The Andy Warhol Foundation for the Visual Arts is expanding its Regional Regranting Program to Cleveland and Denver and will bring back Baltimore’s program, the Grit Fund, which took a one-year hiatus. The roster of the program is positioned to distribute $1.4 million to organizations for approximately $840,000 in yearly grants for artist-driven projects across 14 cities. The nonprofit arts organizations SPACES (Cleveland), RedLine (Denver), and Baltimore Arts Realty Corp (BARCO) will administer grants respectively.
SPACES’s Satellite Fund will offer ten $6,000 project-based grants to artists in Cuyahoga County; RedLine’s INSITE Fund will award 10 to 15 grants of up to $5,000 each to artists and arts collectives in the Denver Metro area; and BARCO’s Grit Fund will provide 9 to 12 awards of up to $7,000 each for Baltimore-based projects. Each regranting organization will receive funding for program administration and outreach in addition to the artist and project grants.
As Joel Wachs, president of the Andy Warhol Foundation, explained to Hyperallergic, the Regional Regranting program developed when the Foundation observed incredible creative communities operating under the radar without any traditional funding mechanisms. “It can be someone doing exciting things in their garage on a Sunday or a collaborative that wants to complete their project. We found them all over and asked how can we reach that person?”
The program started in 2007 in San Francisco with Southern Exposure acting as administrator of the grants. The next year the program extended to Houston. The Regional Regranting program has awarded $6.4 million in grants, which has resulted in $3.6 million in direct support of 848 artist projects to date through organizations in Albuquerque, Baltimore, Chicago, Cleveland, Denver, Houston, Kansas City, Miami, Minneapolis, New Orleans, Philadelphia, Portland (OR), Portland (ME), and San Francisco. According to Wachs, the aim is to expand the grants geographically. “My goal is a program in 50 states,” he said. “To do that we would need more money and partners in each state capable of administering that program.”
What is the impact of this financial support in communities arguably on the periphery of the art market? In Cleveland, Christina Vassallo, executive director of SPACES notes, “we don’t have a collector base, so artists are making their living through grants or their side hustle. This will fill the gap.” Louise Martorano, executive director of RedLine agrees, “there are very few direct funders for artists in Denver. If you don’t get a public commission or win an award, now you can also go for the Regranting program. It adds options to support art careers with multiple levels of entry.”
That was the case for Ori Gallery in Portland, Oregon. Creators Maya Vivas and Leila Haile planned for a year to transform a traditional gallery into a community space for exhibitions and workshops focused on the voices of Queer and Trans artists of color. Portland’s Regional Regranting program, the Precipice Fund, provided the necessary support to open their doors. “We used it to pay rent, get utilities on, secure supplies, build a wheelchair ramp, install a bathroom and lay a concrete sidewalk. We were also able to pay members of the community working in the space.”

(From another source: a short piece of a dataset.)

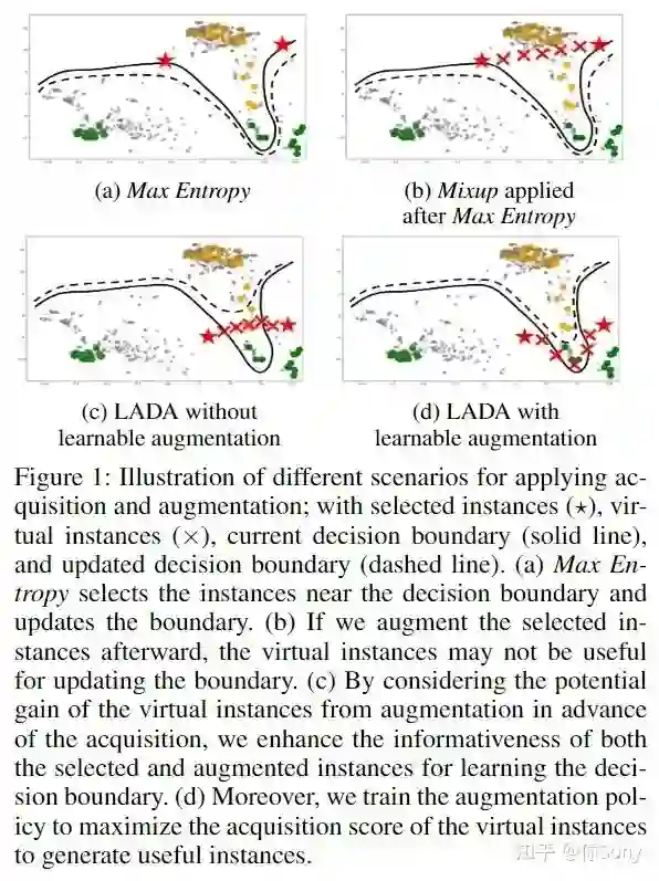 在主动学习的获取过程中尚未考虑从数据增强产生的虚拟实例的潜在收益。在数据获取的过程中,数据增强将选择并生成对训练模型提供信息的数据实例。因此,作者提出了通过增强或 LADA 的前瞻数据采集来集成数据采集和数据增强。在获取过程之前,LADA 考虑 1) 选择未标记的数据实例和 2) 通过数据增强生成的虚拟数据实例。此外,为了增强虚拟数据实例的信息量,LADA 优化了数据增强策略以最大化预测获取分数,从而产生了 InfoMixup 和 InfoSTN 的提议。由于 LADA 是一个可推广的框架,作者试验了各种采集和增强方法的组合。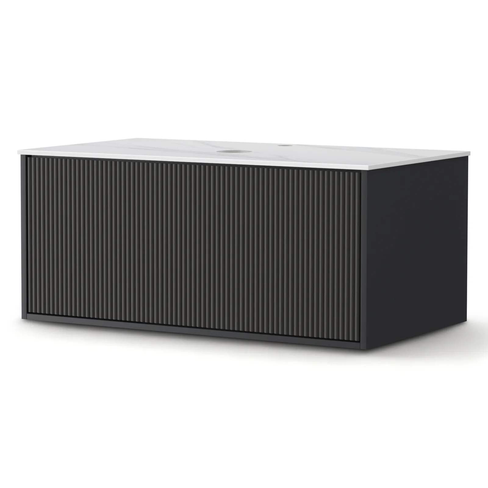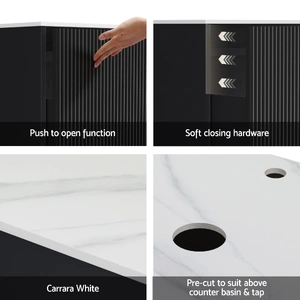 This cabinet combines modern aesthetics with maximum functionality. Featuring a durable sintered stone countertop that resists scratches and moisture, this cabinet is built to last. The handle-free soft-closing drawer adds a touch of elegance and ensures quiet operation. Constructed with quality 15mm MDF board, it offers strength and stability for daily use. Designed for easy installation, it includes a pre-drilled water outlet port and tap hole, making setup a breeze. The smooth surfaces are also easy to clean, keeping your bathroom looking pristine effortlessly. Please note, the basin is not included.

Direct recipients of the grant aren’t the only beneficiaries, notes Roya Amirsoleymani, managing director of the Precipice Fund. She observes the open design of the program promotes more activity outside conventional structures. Since February 2018, Ori Gallery hosted 18 community events and workshops, eight exhibitions and seven fundraisers. Haile of Ori Gallery notes, “so many partnerships and people taking ownership of this space is the marker of success.”
An important contribution both SPACES and RedLine provide to their respective communities is initiatives in social justice and community action. In addition to the Satellite Fund, SPACES is launching the Urgent Art Fund which finances art responding to political or cultural concerns. RedLine manages many service programs addressing the needs of Denver’s homeless, public education, and veterans. Martarano stated that was not a factor for the Regranting program, “the Foundation is focused on supporting the artist whether there is a social justice component or not.” Yet institutional boards and their financial resources are increasingly scrutinized due to their political implications.
When asked if the Foundation had a position on the funding sources of exhibitions sanctioned by the Foundation, such as in the case of the Whitney Museum’s relationship to a tear gas manufacturer. Wachs responded,
No, we don’t have any decision making on the Whitney board. I read the statement by the staff and the statement of Adam Weinberg and I admired it. We couldn’t conceivably get into the internal aspects of every organization we fund, because we fund hundreds of groups. I could imagine a situation where we would, but we were unaware of any of this in advance of the exhibition [From A to B and Back Again]. I do watch how these things are handled. I thought Adam was handling it well. But I don’t know if the staff thinks it was adequate.
The Foundation has demonstrated its bandwidth to hold institutions accountable on topics of censorship. As its financial reach expands, the recent revelation at the Whitney raises questions about its capacity to manage the partners and projects it endorses.
SPACES’ info sessions and application deadline is scheduled for spring 2019. RedLine’s info sessions will being January for a summer 2019 application deadline. BARCO’s applications will open in February with info sessions in March 2019.